The love-hate thing is often something of a cliché, but there is more than that to this clash of emotions. He has had a fling with a rich woman, who has followed him to become a menacing offstage character. May has been waiting for her date, a local man, to arrive. When he does, the tequila flows and the story emerges. The star-crossed Eddie and May are related by blood. The old man fathered them both on different mothers, a situation that blighted the lives of his women and their children.

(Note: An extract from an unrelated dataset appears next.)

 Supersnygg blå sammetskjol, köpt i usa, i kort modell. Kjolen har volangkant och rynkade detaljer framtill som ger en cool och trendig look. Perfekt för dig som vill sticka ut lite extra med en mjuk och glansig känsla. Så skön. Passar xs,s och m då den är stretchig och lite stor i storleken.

It is not a scenario that can have a resolved ending; it simply dissolves to a flight into a threatening future. Ronan Wilmot, who plays the Old Man, also directs, and Laoisa Sexton, Sean Power and Patrick Joseph Byrnes are altogether convincing in the other roles. They make for absorbing and powerful theatre.
Runs until December 13th
Riona O Duinnin, Nancy Johnson, Geraldine O'Doherty
Hugh Lane Gallery, Dublin
Douglas Sealy
And then I knew 'twas Wind (1992) - Takemitsu, Sonata for flute, viola, and harp (1915) - Debussy, Walk/Don't Walk (2002) - Eric Sweeney, All collisions end in static - Linda Buckley and Keith O'Brien.

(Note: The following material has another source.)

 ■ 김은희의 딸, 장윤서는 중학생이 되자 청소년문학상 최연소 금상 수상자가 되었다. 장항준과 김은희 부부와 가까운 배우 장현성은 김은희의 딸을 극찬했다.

Debussy's Sonata for flute, viola and harp, with its weaving of melodies, might have seemed out of place beside the much more recent music around it, but the combination of flute, viola and harp encouraged the other composers to write with an unexpected sweetness. Takemitus's piece might have been by Debussy, with a lot of notes left out, and even the piece by Buckley and O'Brien, in which the acoustic sound was electronically manipulated, avoided the outré effects that often tempt composers to assail rather than woo the listener's ear. In the programme notes they announce that "these aphoristic bursts of energy eventually exhaust themselves into a state of enlightened torpor". More continuous energy was manifest in Sweeney's Walk/Don't Walk, for flute and harp, in which the rhythmic impulse of an aerobic walk was so persuasive, not to say hypnotic, that the few abrupt halts, obeying the instruction "Don't Walk" hardly disturbed the onward flow.
The three instrumentalists played with an easeful rapport, bringing to each piece an acute appreciation of the aims of the different composers.